For some, however, the desire to recast history is more populist and incisive: in a trend that has manifested itself since independence in 1991, they see Ukrainian history being reappropriated in more explicitly nationalist terms.
In his Cossack-themed restaurant, Valery Galan, founder of the Ukrainian State Establishment Museum, has signs urging customers and staff: “We speak Ukrainian. Language matters.
Amateur historian who admits to admiring Stepan Bandera – leader of the Organization of Ukrainian Nationalists, who collaborated with the Nazis during the Second World War, assassinated by KGB agents in Germany in 1959 –, he sees the instrumentalization of history in more brutal terms.
“I hope that after this horrible attack, people will open their eyes. Museums are weapons against false history. History is not like a gun that is fired once. It is a weapon that lasts for decades.
“There is still a certain part of our society – ethnic Russians or those who supported Russia – who should have been educated earlier.
Galan, who served as an officer in the Soviet armed forces, has a new project: a series of museums and exhibits commemorating the current war. He takes me to a back room where he collects artifacts for this new venture, including a used Javelin anti-tank missile.
“Our language was forbidden. Our Cossacks were sent to Siberia. We have to show people our achievements. How from the Golden Horde [the period of Mongol rule until 1502]we served as a buffer for Europe.
For Yaroslav Hrytsak, historian at the Catholic University of Lviv, the practice of history in times of war for national survival is less demagogic: “I would say that the main function of the historian today is to bring stability, and the assurance that Ukraine has legitimate legitimacy. claims and is bound to win.
“History has a therapeutic function. Putin’s main goal is to create chaos and confusion. He uses history. To counterattack is to restore real history. The fact is that Putin knows he is lying. But he thinks everyone is lying and there is no truth. But there is a historical truth. I spent half my life under the Soviet Union. What is important to remember is the extent of the historical amnesia imposed on Ukraine.
“I had no idea of the Holodomor because it was erased. The Holocaust has been downplayed to suggest that Soviet Jews were killed not because they were Jews, but because they were Soviet citizens. And while history was treated differently in different Soviet republics, the suppression of history was extreme in Ukraine.
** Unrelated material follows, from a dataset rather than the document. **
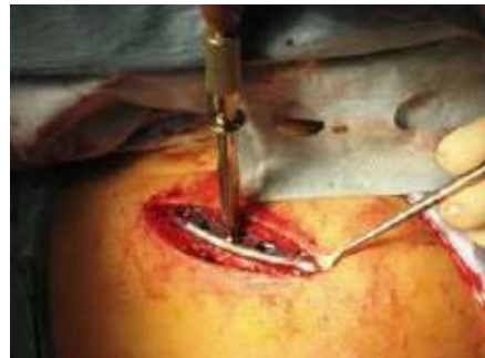
Figure 10: Screws being placed

“Ukraine and Russia have two completely different strategies compared to the past. For Russia, it is about making Russia great again, and it does so by turning to history. I have a friend who is a Russian liberal intellectual. He says Russia is like an SUV driving on dirt roads. The windshield is covered in mud, so all he can see is what’s in the rear view.
“The Ukrainian view of history is different. He wants to leave the past – where there is nothing but great suffering, wars and revolutions – behind him. For Ukraine, history is about never having to go back.